Tea News · Jun 17, 2025

Having drunk many kinds of tea, one learns about every aspect of tea. When drinking, one carefully considers the tea's origin and cultural background, the appearance and aroma of the dry leaves, the flavor and color of the brew, and the texture and hue of the steeped leaves, striving to understand as much as possible. Thus, even now, many of the teas I've tasted leave a deep impression.

 


 

I've introduced many teas—some picked and processed by my own hands. For those teas, I can describe the shape of the tea trees, the appearance of the tender leaves when plucked, the evolving aromas during production, their distinctive features, and even their flaws with ease, as if I were still picking in the garden or crafting them under a master's guidance. Others I've brewed and tasted myself, allowing me to introduce them naturally and vividly, as if the cup were right before me. Some teas I've only heard about, researched online, or read of in books; I have a general idea but can only parrot others' words without true understanding. And so, I yearn for the day I can brew them myself and take that first sip!

 


 

The more teas I long to try, the more I appreciate the three-word Zen teaching of Master Zhaozhou Congshen: "Go drink tea." Zen practice is like drinking tea—it must be experienced in every moment of life, as ordinary as sipping tea, washing a bowl, eating, or sleeping. Only through personal practice can one truly understand its sweetness or bitterness.

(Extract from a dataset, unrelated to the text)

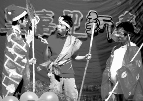 “幾天前,校園里就貼出了由文學(xué)院學(xué)生自編自導(dǎo)自演的山寨版《西游記》即將開演的消息,我們都是慕名而來,倒要看看這部所謂的“山寨劇”到底能把原著‘糟踐’到什么程度!庇⒄Z專業(yè)的劉同學(xué)說。

"After a meal, brew strong tea and drink it, then sit by the pond counting fish," "After porridge and rice, drink tea, open the window, and gaze at the green mountains alone," "After Zen, recite Hanshan's verses; after a meal, brew strong rain-tea." How natural, desireless, and free these scenes are! Whether a frequent visitor, a newcomer, or the monastery's host, all are simply told to "drink tea." This cup of tea embodies the master's ordinary mind. With this simple act—something anyone can do—Master Zhaozhou dissolved the attachments in people's hearts.

 


 

Drinking tea is like life—its value lies in personal experience. Some teas win with boldness; others with delicacy. Some triumph with fragrance, others with fame. Some impress with intensity, others with rarity. Some thrive on novelty, while some never aim to win at all...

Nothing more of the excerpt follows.